My recollection of the trip to the inn was vague at best. Anything that did not involve hunger was vague, that is. I briefly considered biting Chicken-broth’s arm, but did not feel like a mouthful of cloth. She was sadly of average height, which made her neck too high up for me to reach. I tried jumping, was not up to it, and nearly tripped us both.

The room they gave me was spartan and far too big. With two massive beds, it could easily house a whole family. Yet its biggest disadvantage was the large south-east facing window. The morning sun streaming in through it painted a nice yellow rectangle on the beds.

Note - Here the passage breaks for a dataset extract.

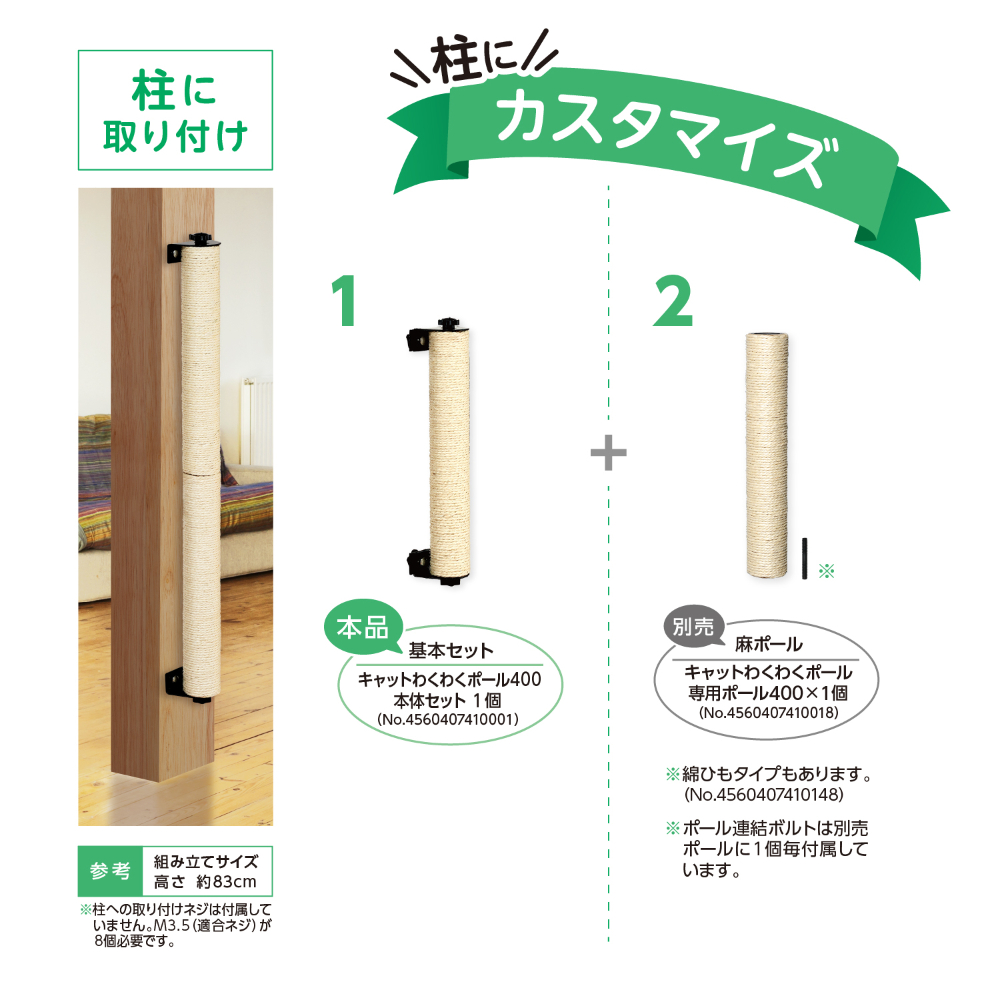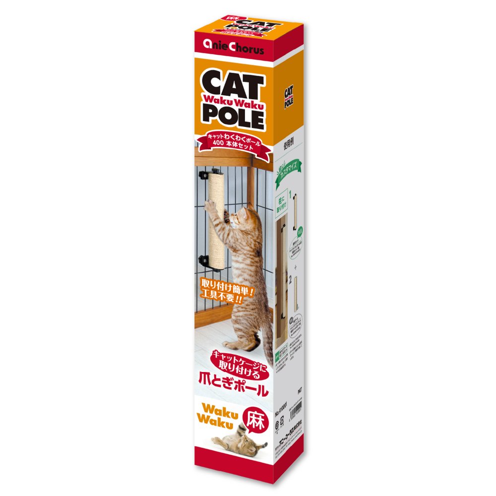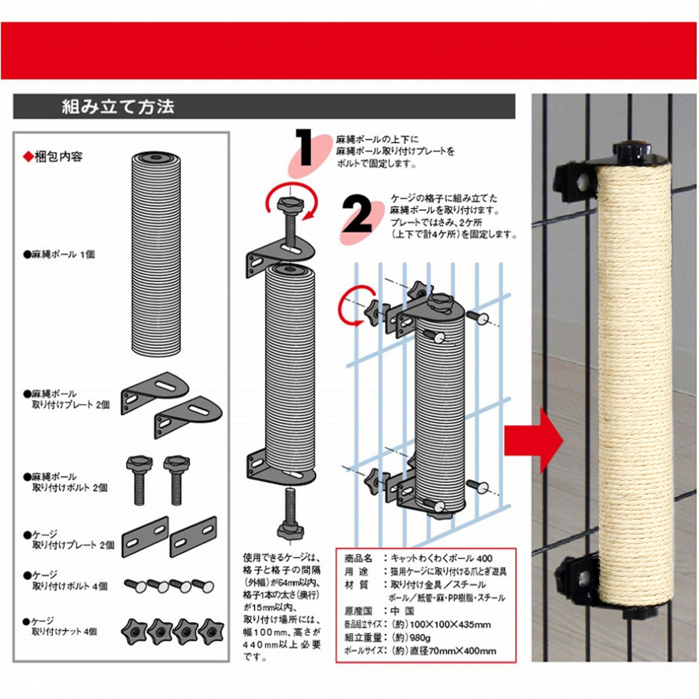 キャットケージ専用の爪とぎポールす。工具不要で高さも自由。ポールの脱着は上下のノブを回すだけ。留め具はスチール製で丈夫です。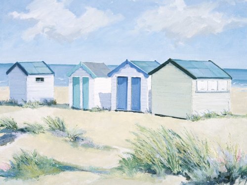 Jane Hewlett WDC22078 strandhyddor på en ljus dag kanvastryck, väggdekoration, flerfärgad, 60 x 80 cm

And then there was the other thing. Actually accepting to rest here was the stupidest thing I had ever done. And I had done a lot of stupid things over the past couple of days. With how badly I had over-exerted on the healing I was defenseless, and all the people here that hated me knew exactly where I was. They wouldn’t even need hunters or the Inquisition to get at me anymore. Anyone that wanted to get rid of the monster could just walk in here and take care of me. I was so weak right now I wouldn’t be able to stop them.

I should have cared about those concerns. They should have worried me deeply. They didn’t. Not feeling up to much of anything anymore I simply rescued a blanket from the clutches of the sun and rolled myself into it in the darkest corner of the room. Then I let my thoughts drift away from me.

Hunger!

Hunger, hunger, food, hunger, food, food, food, hunger, hunger, food, hunger, food!

Food!

There was food in the common room below and it called to me, breaking through to my hibernating mind. My nose tracked the prey as it milled about on the ground floor. They were strong meals. Their blood sang a wondrous song of familiar and unfamiliar fragrances, all so delightfully filling.

I did not know exactly how much time had passed, but with the urge to feed this overwhelming my rest was over. If I didn’t get moving now, the hunger wouldn’t just be overpowering. It would be all there was left of me.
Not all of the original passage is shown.